A mulher lembrou imediatamente do tempo em que conviveu com Bruno, a escolha havia sido um impulso, sabia que haveria problemas e não resistiu ao olhar desafiador do menino:

- Lembro que tirei você de um lugar imundo, onde sofreu todos os tipos de maus tratos. Lembro que nunca consegui controlar seus... Impulsos!

- Vovozinha... Nenhuma das suas crianças está viva para contar o que sofreu nas suas doces mãozinhas. Poderia ao menos ser grata.

- Muito bem... Nós temos este problema e precisamos resolver.

- Você tem. Vou levar a mais novinha, este é o preço.

- Mas vão desconfiar, duas crianças de uma só vez é loucura! Pegue a menina daqui a um ou dois meses... Será mais seguro.

- Ok. Fique com seu corpo durante este tempo, apodrecendo na sua cozinha imaculada... Fedendo. É pegar ou largar. Decida-se.

Bruno sorriu para Maria da Gloria. Sentada no banco do carona, a pequena não parava de chorar, chamando o nome da irmã e pedindo para ir embora. Dentro de um saco plástico preto, o corpo de Luz seguia na caçamba da caminhonete, oculto entre as sucatas que ele comprava e revendia. Trabalhava em um ferro velho e, vez por outra, viajava para garimpar entre as cidades vizinhas. Um serviço que o colocava em movimento constante.

Sabia que podia acabar com a velha na hora que quisesse, mas não o fazia: Primeiro, ela sempre pedia favores e fornecia recompensas. Segundo, era a única pessoa que havia sobrado da sua infância. As assistentes sociais que sempre o repreendiam, os coleguinhas odiosos e até a professora, estavam mortos. Bruno vivia enfiado na biblioteca, estudou em meses o equivalente a anos de aulas...

A menina chorona começou a incomodar e levou um forte tapa. Imediatamente encolheu-se no cantinho e passou a soluçar. Bruno sentiu fome e puxou uma sacola do banco de trás. Não gostava de parar na estrada e sempre preferiu fazer sua própria comida. O cheirinho de pastrame abriu o apetite, jogou um sanduíche para a garota e mordeu o seu com vontade. O pão parecia crocante, pedacinhos estalaram sob seus dentes... Pegou a caixa de suco e tomou um gole, foi quando notou um pontinho branco, movimentando-se no canudinho lentamente... Apertou os olhos, apurando a visão... Era um verme. Um pequenino e gordo verme.
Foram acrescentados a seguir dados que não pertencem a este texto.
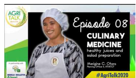
The three (3) resource persons behind the success of the Agritalk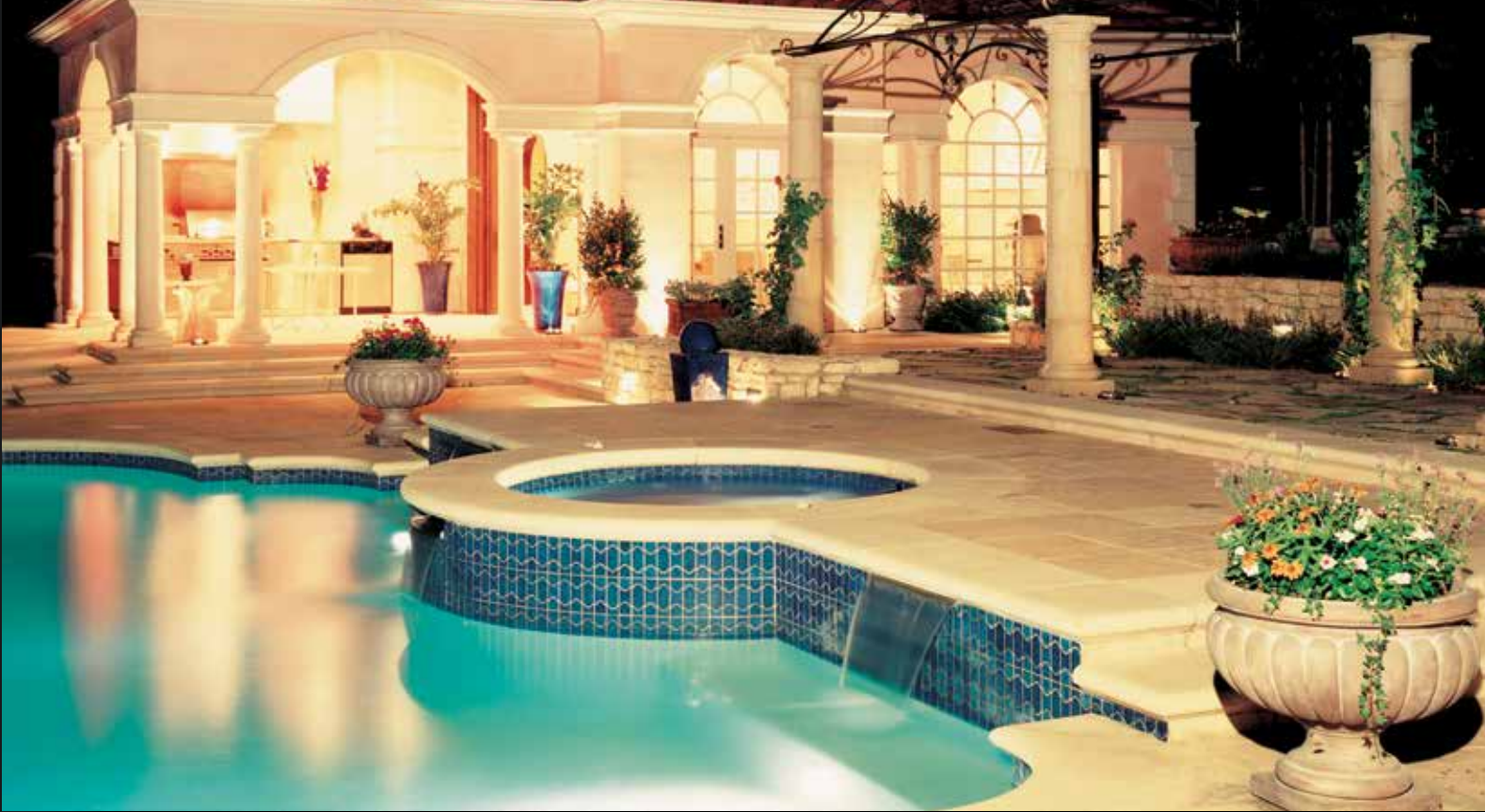
Columns, Moldings, Lintels, Wall Caps, Pool & Edge Coping, Corner Quoins, Pavers, Stair Treads and Planters.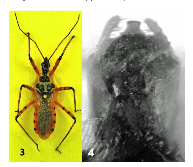
Figs 3-4. Sphedanolestes annulatus. 3. color variation of the specimen from Jordan (Ajlun, Sakib). 4. pygophore, dorsal view, in situ (Jordan, Ajlun).

There are differences between the specimens from Iran and those from Jordan and Israel (Fig. 5), in the colour of the pronotum, scutellum and antenna, but for the rest, the distinctive features of this species are the same than the holotype.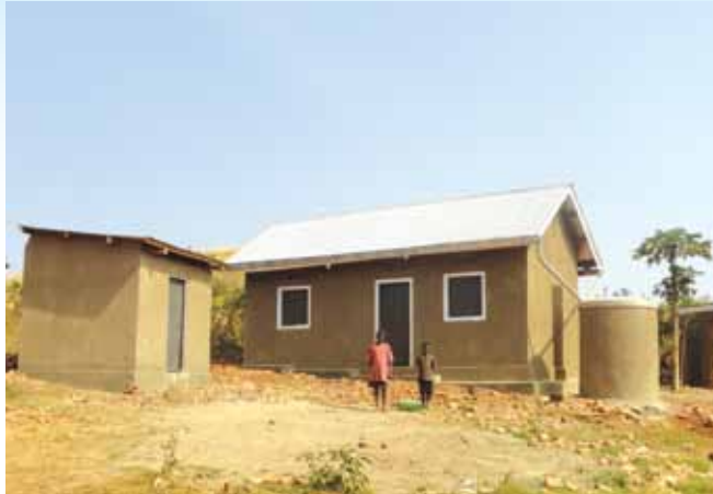
Kawungu's Family After Aid through RACOBABO.

Freou bruscamente e saiu do carro, nem precisou forçar o vômito que veio em jatos. Montinhos esbranquiçados mexiam-se nervosos, olhou para a menina que comia normalmente. Puxou o sanduíche das mãos da criança e não havia nada. Limpo. Completamente limpo. Pegou o saco com todo lanche e jogou no mato, próximo ao acostamento.

Aqueles bichinhos, estavam vindo de algum lugar próximo. Imediatamente, pensou no cadáver e subiu na caçamba. A caminhonete rangeu, enquanto revirava pedaços de ferro, bronze e alumínio. O saco com o corpo da menina havia desaparecido.

Respirou profundamente, buscou uma explicação racional e poucas opções surgiram. Pensou em um possível solavanco e o saco sendo atirado para fora... Quanta besteira! A estrada era excelente e teria visto o saco voando. Finalmente pegou o celular e fez a ligação.

Bruno tentou várias vezes seguidas, e a velha não atendeu. Tinha uma menina assustada e um corpo desaparecido. Pela primeira vez, perdeu o controle e chutou o pneu da caminhonete até aliviar parte da raiva que sentia. Toda vez que se sentia tenso, o ar tornava-se quase irrespirável... A cabeça pesava e precisa agir bem rápido antes de perder o controle. Entrou no carro e resolveu retornar a casa da velha. Com certeza, a menina estava viva e tinha fugido. Com certeza, durante alguma curva havia se jogado e ele não deu conta... Só havia esta hipótese. Neste caso, vovozinha iria pagar bem caro pela brincadeira. Com certeza, pagaria com muita dor.

A porta da cozinha estava escancarada e todas as luzes acesas, coisa rara na residência de uma conhecida avarenta. Pegou a pequena pelo braço e saiu puxando sem pressa. Silencio absoluto e um cheiro enjoativo do perfume conhecido. Passou pela cozinha e entrou na sala abarrotada de enfeites e moveis antigos. Nada. Subiu os degraus para o andar dos quartos, ainda puxando a menina pela mão. O corredor estava deserto e todas as portas fechadas. Bruno sentiu-se novamente um menino, entrando pela primeira vez naquela casa, cinco portas de cada lado. Um casarão antigo e decadente. Bem conservado, mas com aquele ranço de coisa carcomida pelo tempo.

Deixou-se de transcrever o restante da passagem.